Maybe that is a little sunshiny buttercups. But anyway, it’s my experience.
Until I read this book, I honestly didn’t know that there were so many couples out there who really struggle with NFP. I knew it calls for some discipline, which of course nobody loves. I knew that you can get confused about where you are in your cycle—especially when you’re nursing a baby or a toddler—and end up with an unexpected pregnancy. Or, you can just cave in to the want of the moment against your better judgment. But that’s just life, right? “Failure” happens with contraception too. And if a baby comes in spite of your intention to postpone pregnancy, well, the general life-affirming attitude of NFP makes it easy to remind yourself that God will provide, and you’ll never regret it afterwards. (Also, it helps to get you more serious about that discipline part the next time around.)
I didn't know that for some couples, NFP can be a serious hardship and a strain on the marriage. I hadn't noticed that for those people, the NFP happy talk can be depressing and aggravating—a stumbling block, not a help.
Simcha has opened my eyes to human suffering going on all around me that I had been totally oblivious to. It’s good to be healed of obtuseness. It opens us to Truth and to others in a new way, at a new depth.
Her book has changed my understanding of the Faith the way it works in the world, and the way we ought to be communicating it. It has helped cause in me exactly the shift I think Pope Francis is calling for on the part of the Church as a whole.
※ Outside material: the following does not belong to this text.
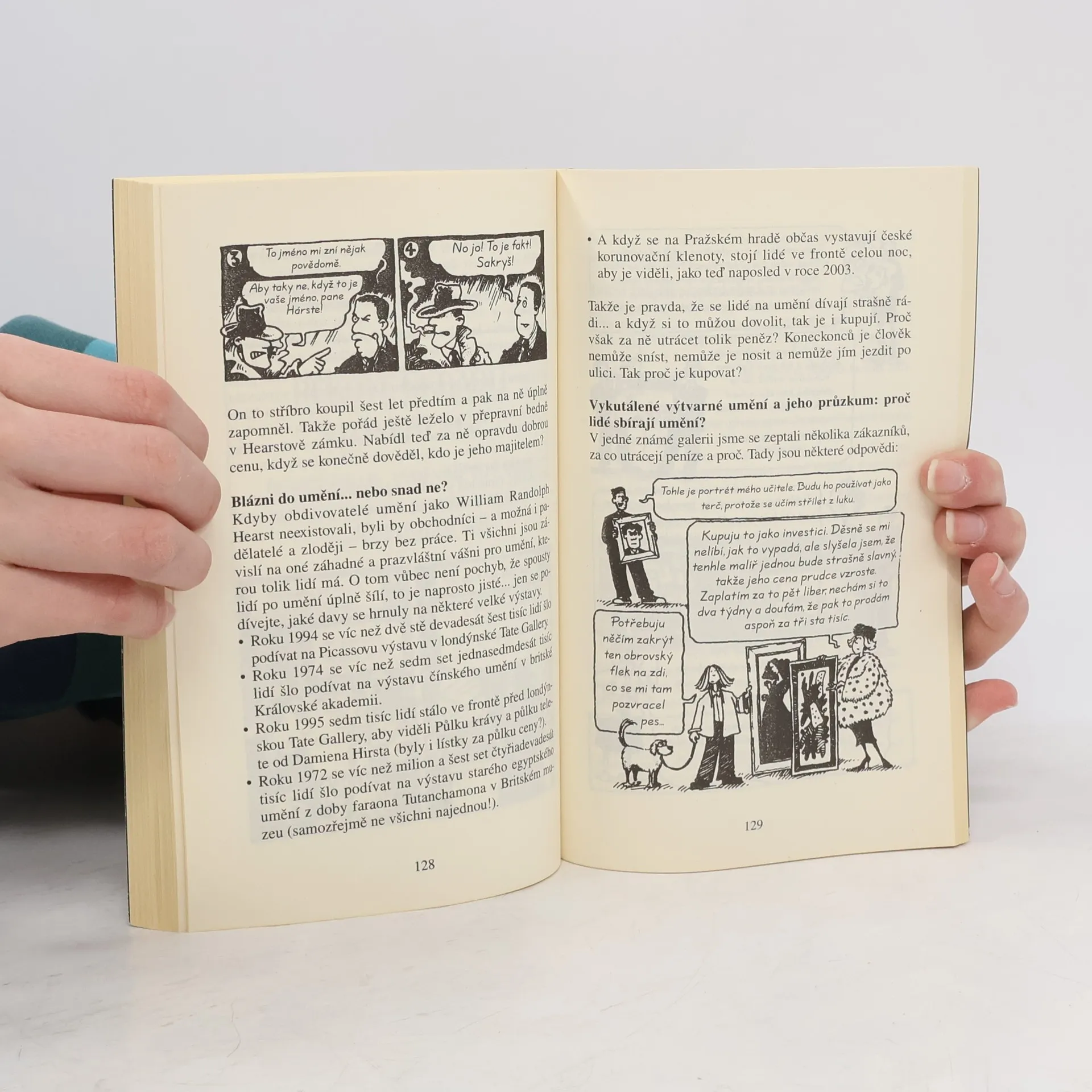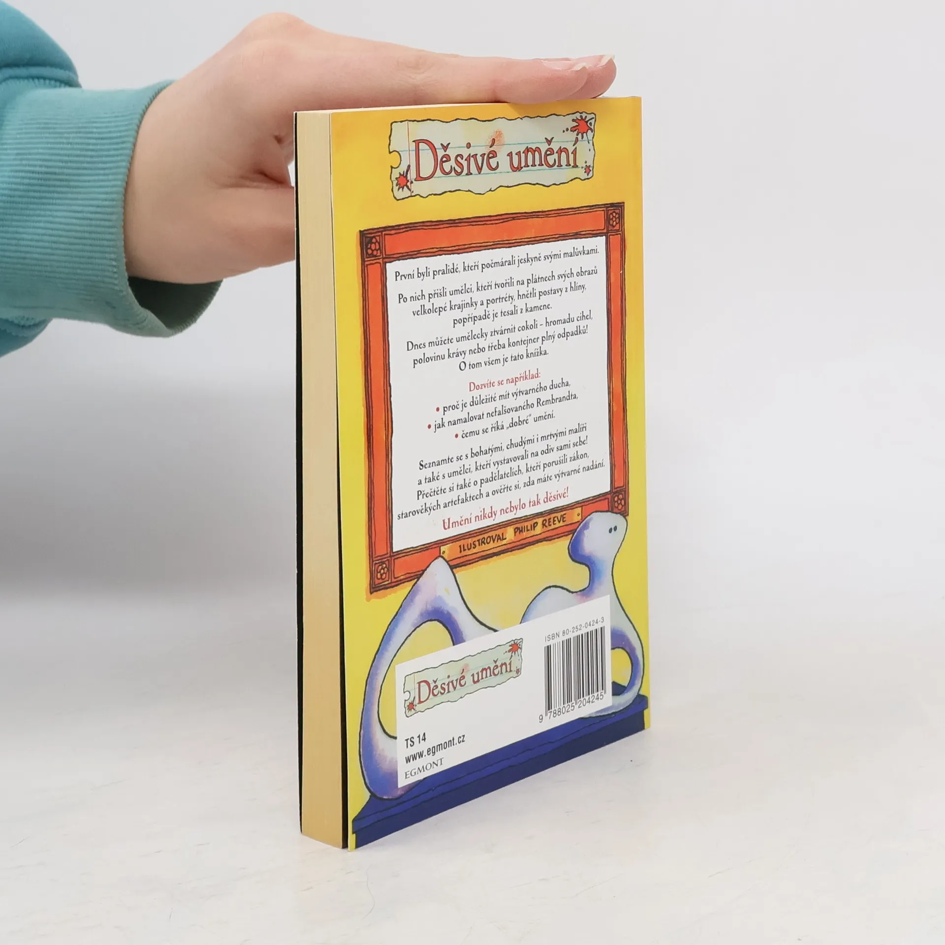 O čem se vám učitelé neodvažují říct. První byl pračlověk a jeho jeskynní malby, po něm přišli umělci, kteří malovali velkolepé krajinky a portréty, hnětli postavy z hlíny, nebo je tesali z kamene. Dnes můžete umělecky ztvárnit cokoli - hromadu cihel, polovinu krávy nebo třeba kontejner plný odpadků! Dozvíte se, proč je důležité mít výtvarného ducha, jak namalovat nefalšovaného Rembrandta a čemu se říká dobré umění. Seznamte se s bohatými, chudými i mrtvými malíři a umělci, kteří porušili zákon. Ověřte si, zda máte výtvarné nadání.

If we want the world to hear our message of hope, it’s important that we don't offer it like self-appointed and self-satisfied instructors explaining what others need to do to be more like us. We have to present ourselves as fellow sinners who understand and sympathize with the miseries of being human, because that’s us.
The Sinner's Guide to NFP is funny and warm, utterly human, and completely down to earth, without being too crude. If you struggle with NFP, get it so you know you're not alone and can be encouraged. If you don't struggle with NFP, because it's easy for you, or because you're a priest maybe, get it to get real.